*** Opening of RECORDS SUPPLIED ***
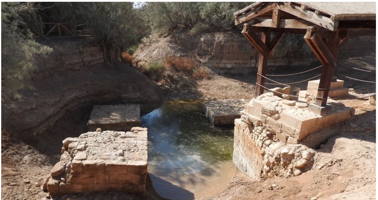
Bethany-beyond-Jordan: Remains of a Byzantine Church erected at the traditional site of the Baptism of Jesus by John.

May the God of all healing and forgiveness draw you to himself, that you may behold the glory of his Son, the Word made flesh, and be cleansed from all your sins, through Jesus Christ our Lord. Amen.
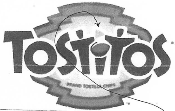
18. TWO GUYS DIPPING A CHIP
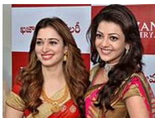
Khazana in expansion mode 16/08/2015
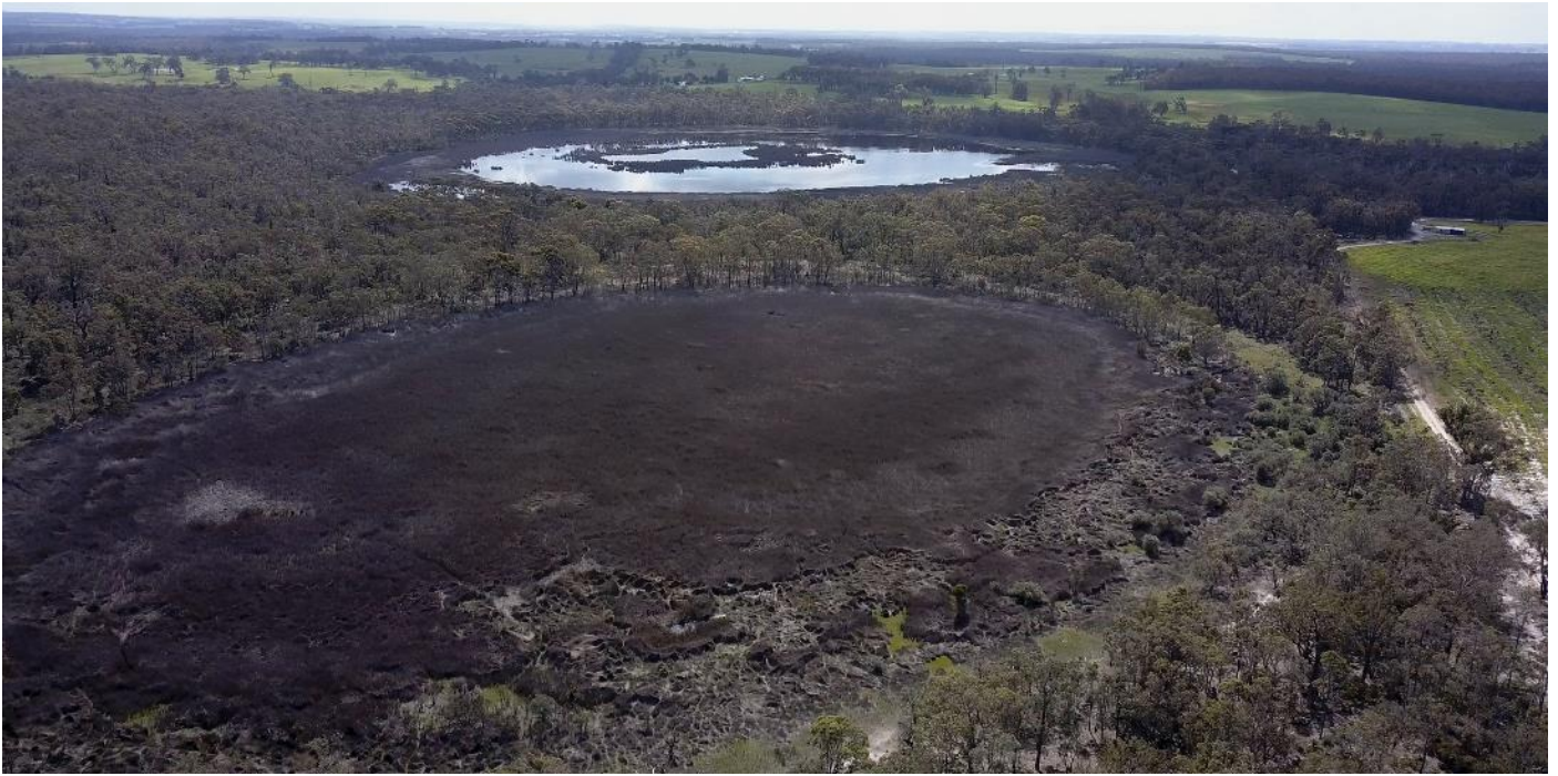
Aerial view of Boggy Lake in the adjacent Department of Water (DWER) property
*** Close of RECORDS SUPPLIED ***
Leaving aside the images, write out the entries above word for word.

Bethany-beyond-Jordan: Remains of a Byzantine Church erected at the traditional site of the Baptism of Jesus by John.

May the God of all healing and forgiveness draw you to himself, that you may behold the glory of his Son, the Word made flesh, and be cleansed from all your sins, through Jesus Christ our Lord. Amen.
18. TWO GUYS DIPPING A CHIP
Khazana in expansion mode 16/08/2015
Aerial view of Boggy Lake in the adjacent Department of Water (DWER) property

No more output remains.